The Marbella Insight 2018, which can be viewed in full here, found that prime areas such as the beachfront, Golden Mile and La Zagaleta remained highly popular, but new emerging prime markets are starting to offer some stiff competition. This is particularly evident in La Alqueria, Atalaya, El Paraiso and the New Golden Mile.

The research also revealed that 70% of purchases were made by cash buyers in the last 12 months, with buyers from Scandinavia, Germany and Benelux the most prominent.

Despite the ongoing uncertainty surrounding Brexit – and the planned exit date of March 2019 – demand for property in Marbella from British investors remains unwavering. In total, there were 49,553 sales to foreign buyers across Spain in the second half of 2017, with the UK accounting for the largest market share of all overseas buyers at 14.3%. This increases to 26% when analysing British demand in Andalucia, according to Spanish Land Registry.

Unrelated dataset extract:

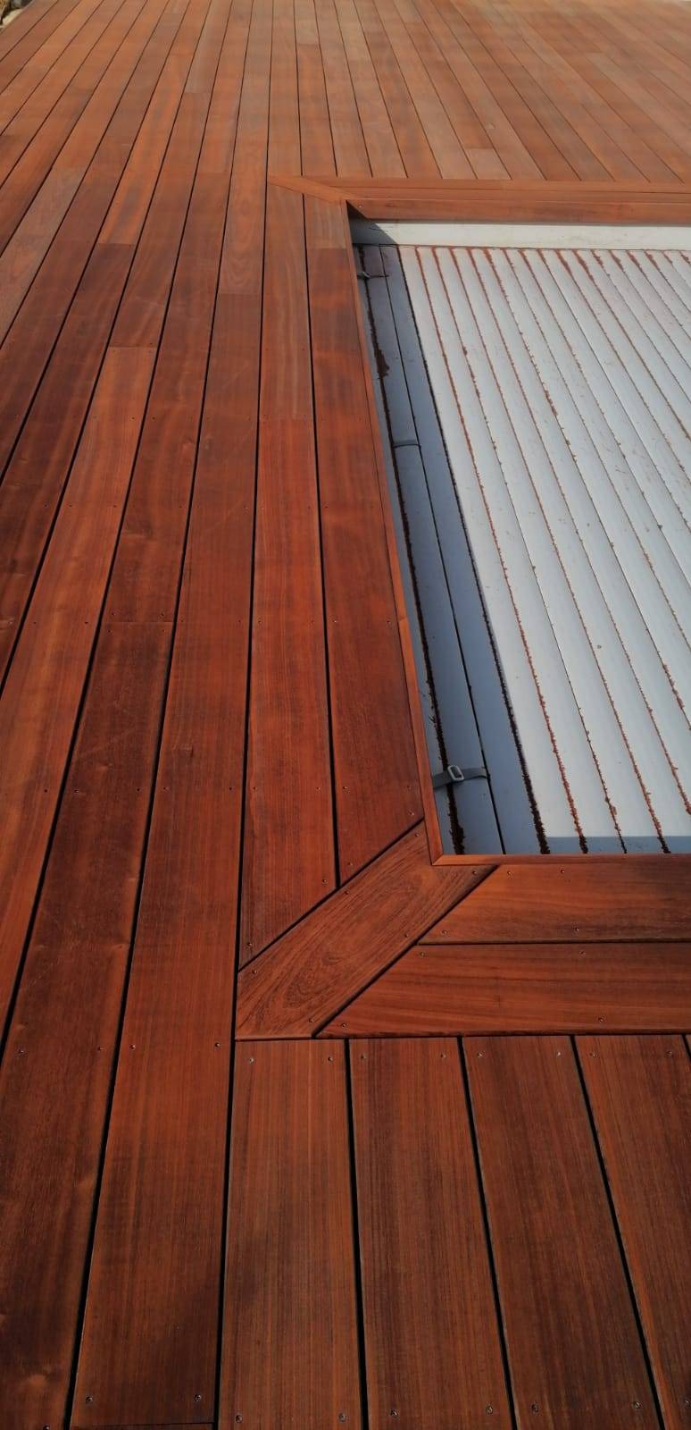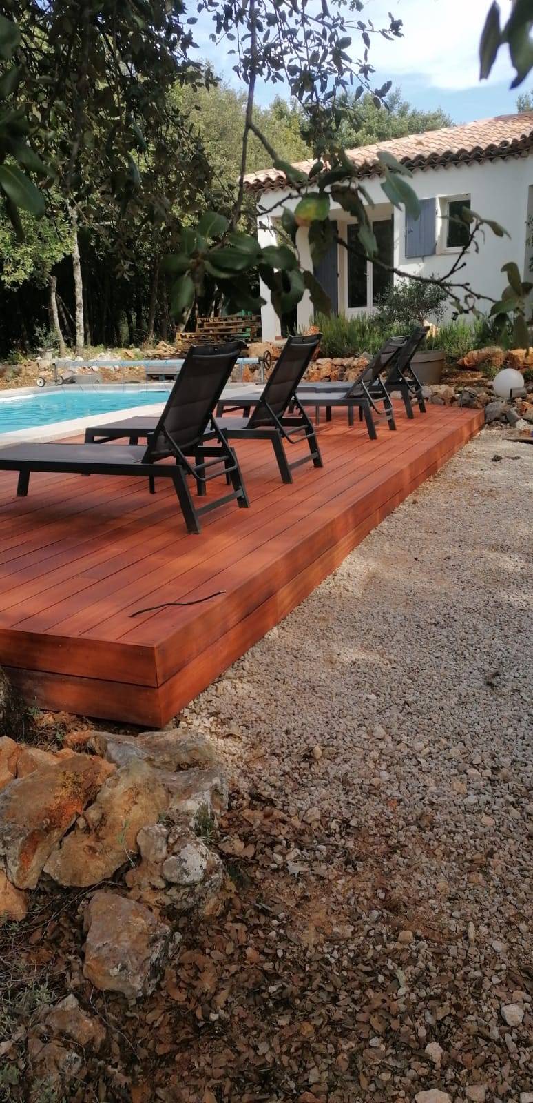 La nature très stable du Padouk et sa durabilité, lui permet d'être posé aussi bien en terrasse qu'autour d'une piscine.

Marbella remains popular with residential investors, with demand for both holiday lets and long-term rentals remaining strong. This is helped by the possibility of achieving gross rental yields of 3%-4%. The demand for holiday rentals is further helped by the lack of a limit on the length of holiday rentals made via short-let host platforms such as Airbnb and HomeAway, which is in stark contrast to the positon taken by Barcelona and Palma de Mallorca.

“Lack of buildable land continues to put pressure on prices, with some areas registering double-digit annual growth in 2017,” Mark Harvey, head of European sales at Knight Frank, said.

On Brexit, he added: “Assuming the withdrawal treaty is agreed, both sides have committed to a 21-month transition period which would postpone the full effects of Brexit until the end of 2020, providing expats with time to secure residency and lock in existing EU benefits.”